WHAT NEEDS TO BE DONE.
The response must be the exact lines from the line holding "本体:ポリプロピレン、ネット:ポリエステル、滑り止め:熱可塑性エラストマー 原産国 中華人民共和国" through the end of the entries, with no pictures and nothing else.

EXERCISE DATA START

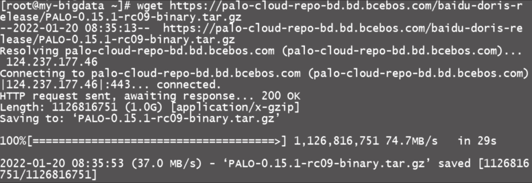 在CentOS系统中通过wget命令下载百度Palo预编译版本,如图2-8所示。
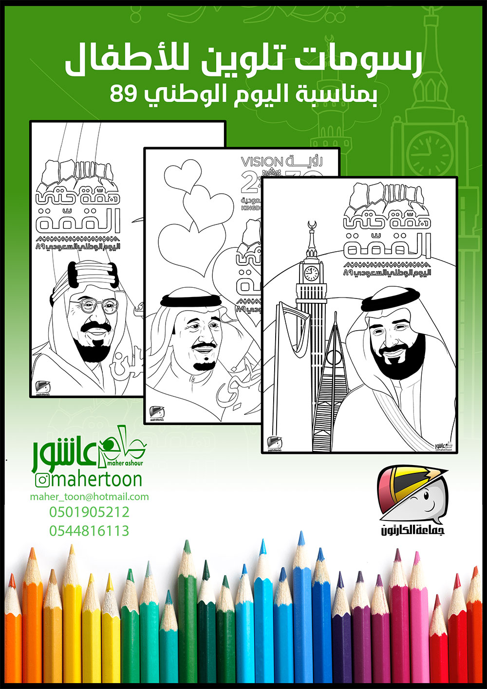 رسومات تلوين للأطفال بمناسبة اليوم الوطني 89
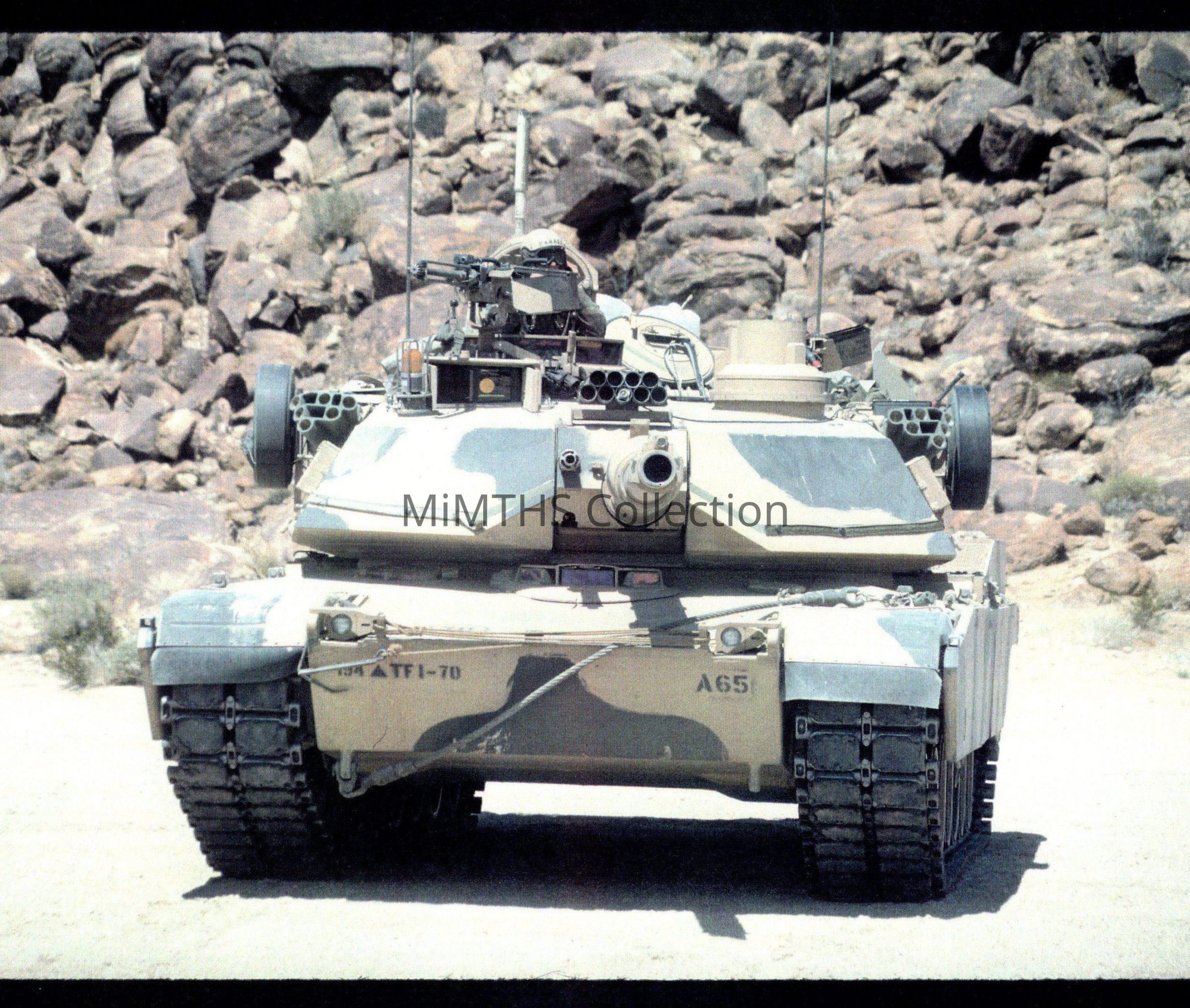 Photo of an M1A2 in tan & green cammo. Vehicle has MILES and Hoffman device fitted for training. Possibly NTC. Markings indicate TF 1-70 4ADPhotograph Details
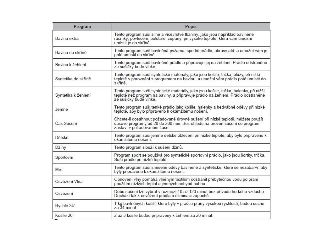 Programy sušení: | Jemné, Dětské, Džíny, Bavlna na žehlení, Syntetika na žehlení, Osvěžení vlny, Osvěžení, Sport, Bavlna extra sušení, Bavlna do skříně, Syntetika do skříně, Časované sušení, Mix, 34 min., Košile 20' |
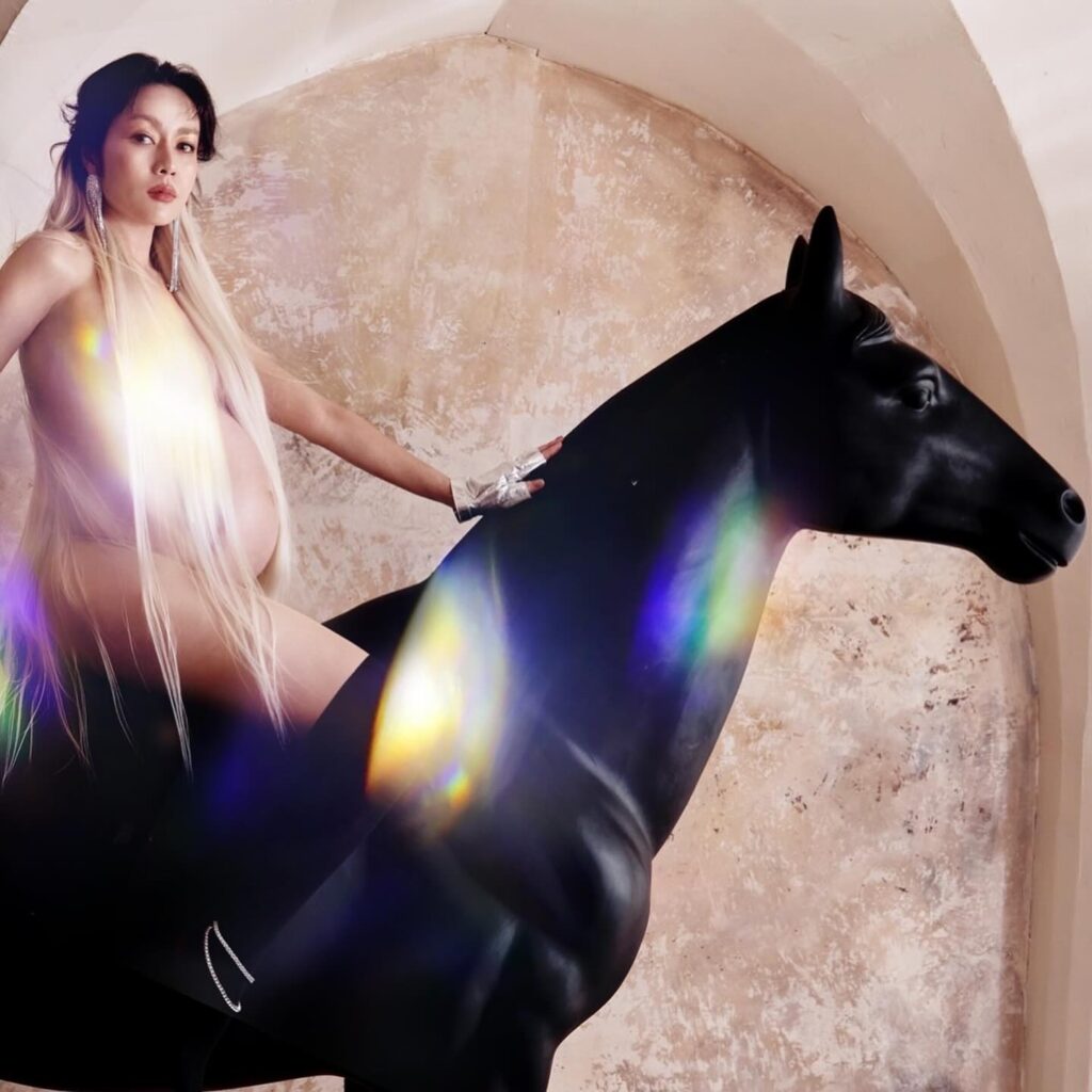 โดยเซ็ตรูปภาพนี้ พี่นิว อยู่ในช่วงที่กำลังอุ้มท้องลูกน้อย พร้อมกับรูปปั้นม้าสีดำตัวใหญ่ ที่ทำให้รู้สึกถึงความ เท่ห์และเซ็กซี่ อีกด้วย
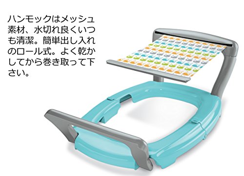 「Babys Journey バス・ハンモックチェアー」は、お風呂の洗い場や台所のシンクで使用する沐浴用ハンモックチェアーです。台座は広幅の4角形で確実にロックされる機能付。両側の支柱はコの字型。全開してロックされるのでグラグラせず、しっかり安定してハンモックを支えます。ハンモックはロール収納式。使用しない時、傷つけずに清潔に保てます。ハンモックは伸縮性があるメッシュ素材なので、赤ちゃんの体重でたわみ、しっかりホールドします。さらっとしたメッシュ素材は赤ちゃんの肌にやさしく、乾きも早いのでいつも清潔に使えます。使用後はハンモックを収納して小さく折りたためるので場所をとらず邪魔になりません。台座の裏4か所に滑り止め付き。 品質表示 本体:ポリプロピレン、ネット:ポリエステル、滑り止め:熱可塑性エラストマー 原産国 中華人民共和国
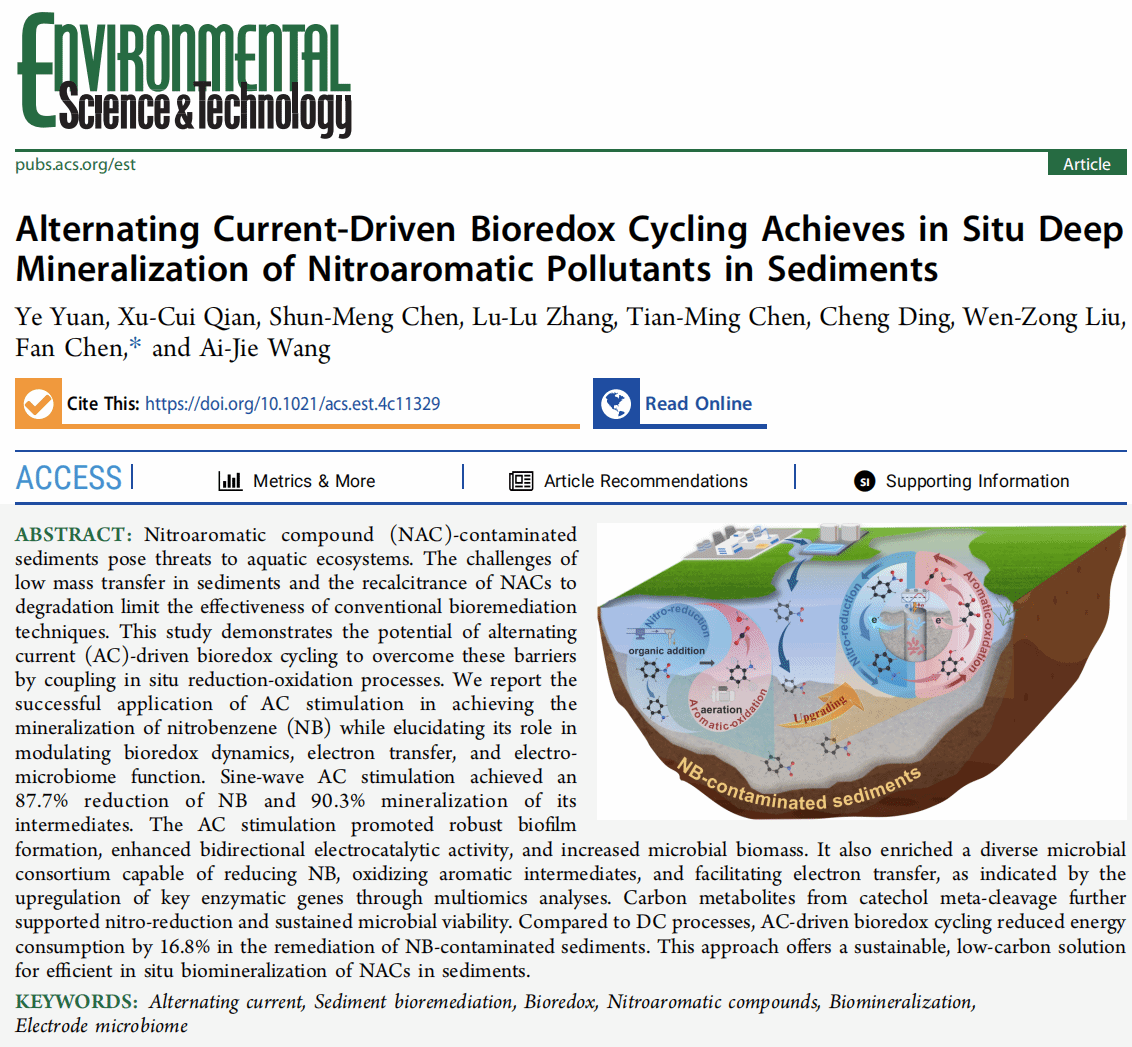 近日,真人赌博游戏_澳门赌博网-app*官网远野副教授课题组在国际环境领域的顶级期刊《Environmental Science & Technology》(ES&T)上发表题为“Alternating Current-Driven Bioredox Cycling Achieves in Situ Deep Mineralization of Nitroaromatic Pollutants in Sediments”的研究成果(Environ. Sci. Technol. 2025, 59, 14497–14507)。远野副教授为第一作者,校外兼职硕士生导师、西北工业大学陈帆副教授为通讯作者,2023级研究生钱徐翠为第二作者。这是真人赌博游戏_澳门赌博网-app*官网首次以第一单位在ES&T发表研究论文。ES&T创刊于1967年,由ACS出版,是国际环境领域最具影响力的顶级学术期刊之一,致力于报道环境科学与技术原创性、突破性的研究成果,以其卓越的学术质量和广泛的国际影响力而著称,2024-2025最新影响因子为11.3。

EXERCISE DATA END

RESPONSE FOR THIS EXERCISE.
 「Babys Journey バス・ハンモックチェアー」は、お風呂の洗い場や台所のシンクで使用する沐浴用ハンモックチェアーです。台座は広幅の4角形で確実にロックされる機能付。両側の支柱はコの字型。全開してロックされるのでグラグラせず、しっかり安定してハンモックを支えます。ハンモックはロール収納式。使用しない時、傷つけずに清潔に保てます。ハンモックは伸縮性があるメッシュ素材なので、赤ちゃんの体重でたわみ、しっかりホールドします。さらっとしたメッシュ素材は赤ちゃんの肌にやさしく、乾きも早いのでいつも清潔に使えます。使用後はハンモックを収納して小さく折りたためるので場所をとらず邪魔になりません。台座の裏4か所に滑り止め付き。 品質表示 本体:ポリプロピレン、ネット:ポリエステル、滑り止め:熱可塑性エラストマー 原産国 中華人民共和国
 近日,真人赌博游戏_澳门赌博网-app*官网远野副教授课题组在国际环境领域的顶级期刊《Environmental Science & Technology》(ES&T)上发表题为“Alternating Current-Driven Bioredox Cycling Achieves in Situ Deep Mineralization of Nitroaromatic Pollutants in Sediments”的研究成果(Environ. Sci. Technol. 2025, 59, 14497–14507)。远野副教授为第一作者,校外兼职硕士生导师、西北工业大学陈帆副教授为通讯作者,2023级研究生钱徐翠为第二作者。这是真人赌博游戏_澳门赌博网-app*官网首次以第一单位在ES&T发表研究论文。ES&T创刊于1967年,由ACS出版,是国际环境领域最具影响力的顶级学术期刊之一,致力于报道环境科学与技术原创性、突破性的研究成果,以其卓越的学术质量和广泛的国际影响力而著称,2024-2025最新影响因子为11.3。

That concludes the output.